Each adaptation has found its audience; no failures yet. "My work doesn't have many fantasy elements, so I guess the bar's pretty low when it comes to adaptation," Yoon says.
His latest, "Low Life," follows small-time hustlers in 1977 chasing rumors of sunken treasure off Sinan, at the southwestern tip of Korea. The 11-episode series premiered last month with a sprawling cast including Ryu Seung-ryong, Lim Soo-jung and TVXQ's Jung Yunho.
The project began, as many of Yoon's do, with late-night internet searches during a creative slump. He'd heard stories about a 14th-century treasure ship discovered off Sinan since childhood. "Word traveled slowly back then. You'd hear rumors and either jump in your truck or assume you were too late. My characters were definitely the 'let's go' types."
Research took him first to a maritime museum in Mokpo, South Jeolla Province, where he examined recovered artifacts and the reconstructed vessel. He interviewed locals whose relatives had worked on the original underwater excavation project. He hired a drone company to photograph 11 locations around Sinan from every angle.
Then a radio producer in Busan introduced him to an antiques dealer whose rapid-fire dialect captivated him. "That's when I knew this couldn't be some local story," he says. "It had to pull people from all over the country."
Yoon's hunger for facts and context shows in his creative process, which starts with chronology. "I build a timeline for every major character from birth to the present," he explains. "Then I map historical events alongside them.
"Take the midnight curfew. One character lived through it, another heard about it as a student, another only knows it from their father's stories. That completely changes how they see the world."
At a time when every other release seems based on existing IP, tensions between original creators and those adapting their work can run high. Social media lights up with fans dissecting every change, ready to pounce on perceived deviations.
Yoon couldn't care less.
"Once I sell the rights, that's it," he says. "My work should already contain everything I wanted to express. Why expect the adaptation to fix what I couldn't?"
Director Kang Yoon-sung would call him occasionally about changes: Could they switch the order of certain scenes? How bald should this character be? "The director was incredibly considerate," Yoon laughs. "Always checking if he's overstepping."
But bigger projects come with bigger stakes. Watching his work become a major production, Yoon finds it hard to shake off the pressure. "What I loved about webtoons is their privacy," he says. "If I fail, it's not like the entire world collapses. But visiting TV production sets with 100-person crews -- these people have families to feed. If this fails, it's not just me who takes the hit."
So he consciously avoids thinking about the outcomes for now, trying to maintain the freewheeling spirit of his earlier days. "The more responsibility you shoulder, the easier it is to lose that lightness. I work hard to hang onto it."

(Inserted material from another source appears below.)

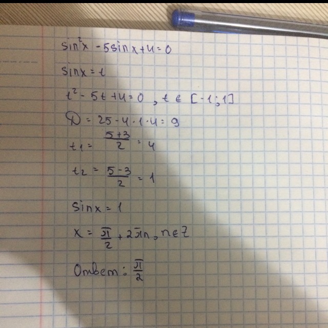 Нам нужен наименьший корень для этой серии решений, то есть если вместо n подставить -1, то получится отрицательный, если 1, то получится 5П/2, а нам нужен наименьший следовательно n=0 и равно П/2

Currently, Yoon is working on the third season of "Misaeng" and writing his first screenplay for another TV drama -- a 100-page treatment that reads like a novel. He's been living in a hanok in Boseong, South Jeolla Province, since last November, when the city offered him space to work. What started as a monthlong residency has now stretched to eight months.
The nihilist seems to have found his balance.